Overall, trading the single pair locks you into trading that trend. Breaking them up allows you to limit loss and profit from gains in a way that wold otherwise be impossible. That's why FR works much, much better than you would think by just looking at the
EUR/CHF.
DallasSteve said:I'm sorry that I got into this thread late. I've just recently been approached about Freedom Rocks and I want to learn more.
Do forex brokers pay and charge interest based on the leveraged amount of currency held rather than the equity? I was unaware of that and I wonder if all brokers do that? In particular, I have my money with Interactive Brokers. Are they paying and charging 50:1 interest on the positions I hold? Can I really exploit cross currency interest rate differences like that at IB? Would it be better for me to use a broker that gives 100:1 or more even if their spreads are larger?
I'm reading that EUR/CHF tends to be more stable than other pairs. Can you really still benefit from the interest rate difference if you are only holding one pair? Is the leveraged interest difference enough to cover a EUR/CHF trend that goes against the trader rather than the current trend that goes for the trader? Do I really lose much of the safety in Freedom Rocks system if I just trade EUR/CHF? It seems like trading 2 pairs means you have double spread and commissions which isn't a good thing.
Thanks. I hope someone still reads this thread. a_gnome seems to really understands the finances involved.
Steve
a_gnome said:Hi DS,
In answer to your question, generally yes, a broker will credit or debit you interest on your leveraged position. Basically you are borrowing at the prevailing rate the currency you are short and so paying the interest out and being paid interest on the currency that you are long. Thus you get a net credit or debit on the difference between the two interest rates and entering a trade in order to benefit from this is know as a carry trade. Many people have been doing these against the yen (e.g. long USDJPY) since it has such a low interest rate. Recently there was a lot of turmoil as everyone unwound these positions at the same time leading to great gains in the JPY.

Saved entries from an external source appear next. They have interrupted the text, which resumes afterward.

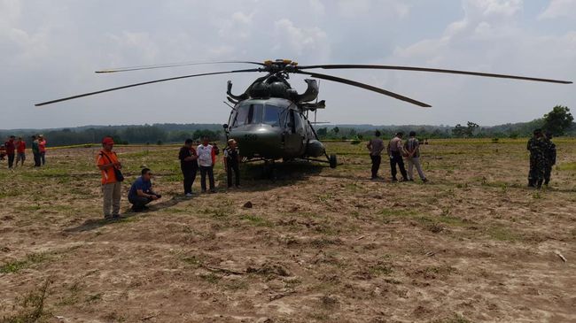 Blora - Helikopter TNI AD berjenis Mi-17 mendarat darurat di area persawahan di Desa Kadengan, Blora, Jawa Tengah, diduga karena helikopter mengalami gangguan mesin. Warga di sekitar lokasi pun datang ramai-ramai untuk melihat heli tersebut.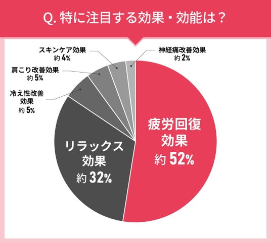 「疲労回復効果」が約52%と、過半数を占めました。次いで「リラックス効果」が約32%、「冷え性改善効果」が約5%、「肩こり改善効果」が約5%、「スキンケア効果」が約4%、「神経痛改善効果」が約2%と、おおよそ入浴剤に期待するものに準じた結果となりました。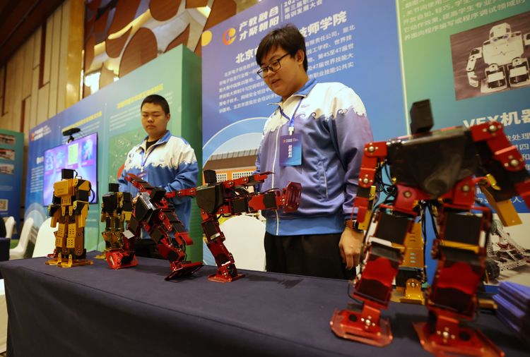 大会的平行展演区,北京电子信息技师学院展示人形机器人。与这些新职业、新技术的零距离接触,让参与者感受到技术技能在智能制造、商务服务乃至生活服务等各行各业的核心驱动力,激发了社会各界对技能类职业的浓厚兴趣。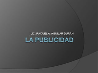 El documento define la publicidad como un esfuerzo pagado para transmitir mensajes persuasivos a través de medios masivos con el objetivo de promover ideas, productos o servicios. Explica que la publicidad tiene objetivos generales como informar, persuadir o recordar, así como objetivos específicos como respaldar ventas, introducir nuevos productos o contrarrestar sustituciones. Finalmente, describe diferentes tipos de publicidad según la audiencia, el mensaje o la fuente del anuncio.
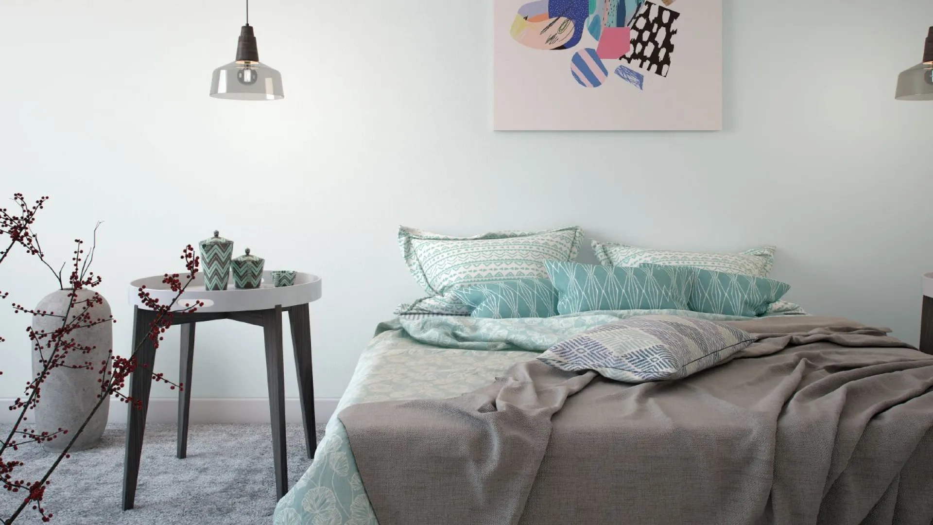 Jasna szarość pozwala stworzyć wyrafinowany i spokojny wystrój sypialni. Pokój pomalowany tymi kolorami sprzyja relaksowi.
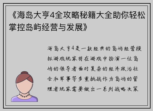 《海岛大亨4全攻略秘籍大全助你轻松掌控岛屿经营与发展》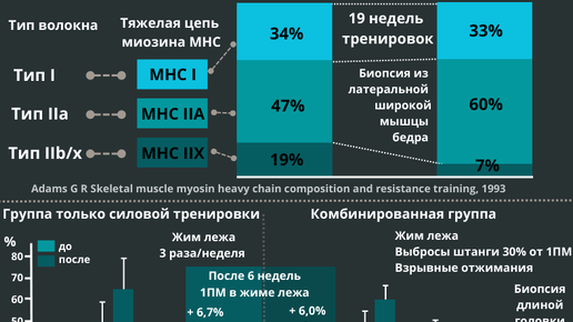 Под воздействием тренировок с отягощением помимо самого роста мышечного волокна также происходит изменение типа волокон в той или иной степени.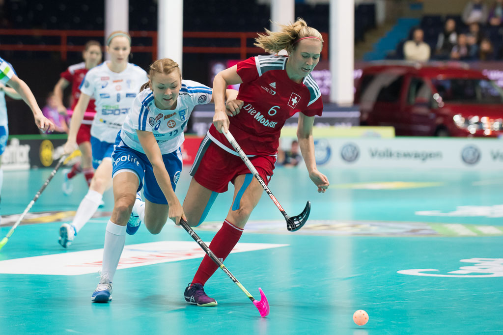 Mia Karjalainen (links, Finnland) gegen Michelle Wiki (rechts, Schweiz), waehrend dem Guppenspiel Schweiz gegen Finnland, Unihockey Weltmeisterschaft der Damen 2015, 5. Dezember 2015, Hakametsae Eishalle, in Tampere, Finnland (swiss unihockey/Fabian Trees)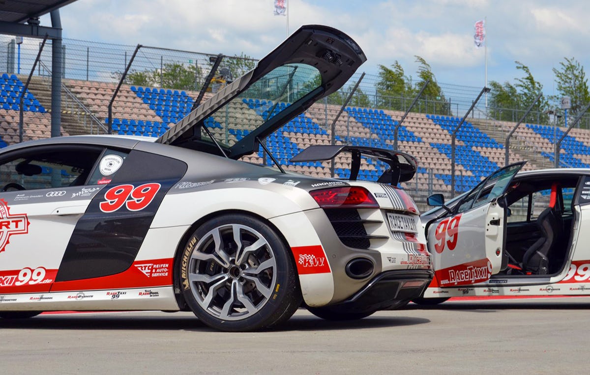 - In einem der 4 Sportwagen 2 schnelle Taxi Runden mit dem Profi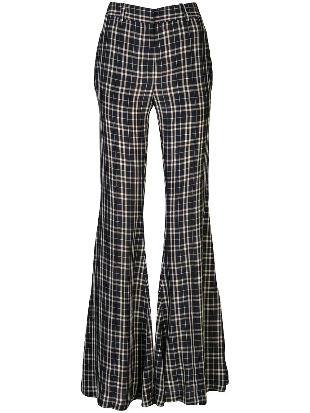 Stockard check flared trousers Navy blue Stockard check flared trousers from KHAITE featuring a check pattern, a concealed fastening, a high rise, a slim fit and a flared style. Imported Composition Viscose 100% SIZE & FIT Model measurements Height 5 ft 10 in(1.77 m) Bust/Chest 31.88 in(81 cm) Hips 33.85 in(86 cm) Waist 24.01 in(61 cm) Measurement FRONT RISE 9.84 in(25 cm) INSIDE LEG 34.64 in(88 cm) Hem Width 18.5 in(47 cm) HIPS 35.82 in(91 cm) WAIST 28.74 in(73 cm) Washing instructions Dry Clean Only

The risk with this is that you are earning a few percent PER YEAR on your leveraged position whereas you can get fluctuations in your underlying position of the same order of magnitude PER DAY. You mustn't lose sight of the fact that if you put on a 100:1 leveraged position then a 1% fluctuation against you wipes you out! One reasonable approach is to do trades (of a sensible size) only in the favourable direction of the carry but making sure that you have decent positional entries and exits as well. That way you are getting an extra benefit from the carry whilst still trading sensibly.
DallasSteve said:Thanks a_gnome.
I'm glad that you are still responding to this thread. It sounded too good too be true and I think you have analyzed this well. If this were truly a risk-free arbitrage, or almost risk-free, the pros would already have systems running that drain off all the juice before we get there. If someone wants to execute carry trades I don't think they need to pay Freedom Rocks to tell them what to buy. It seems that they could just watch the published interest rates themselves and do the math. And if they want to balance the portfolio on two currency pairs they can do that with an Excel spreadsheet in 5 minutes for free.

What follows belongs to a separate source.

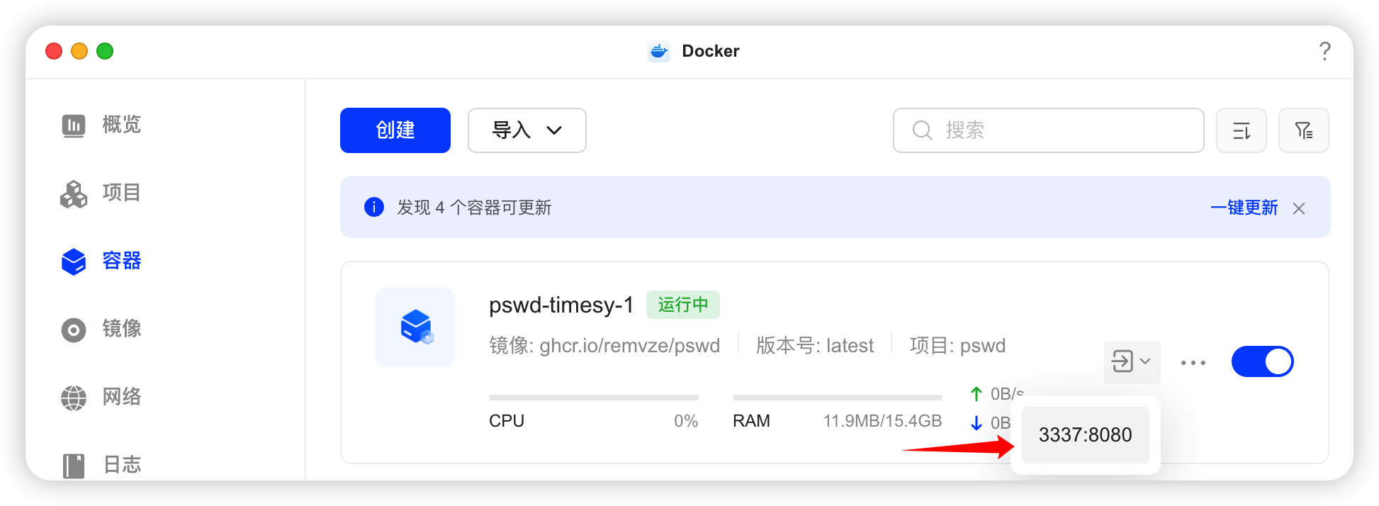 等项目构建成功后,切换到「容器」面板找到 PSWD,点击它旁边的小箭头,或者在浏览器输入 NAS_IP:3337 就能使用 PSWD 了。

It is amusing that some people seem to think that holding two pairs is different than holding the cross currency pair. If there were a difference it would be arbitraged away in milliseconds.
Steve
That's definitely the feeling I get. They've got MLM fever like the neighbor who used to sell my wife cosmetics.a_gnome said:I am also always wary of people who are on a MLM scheme telling me how great something is - they a strong incentive to do so of course!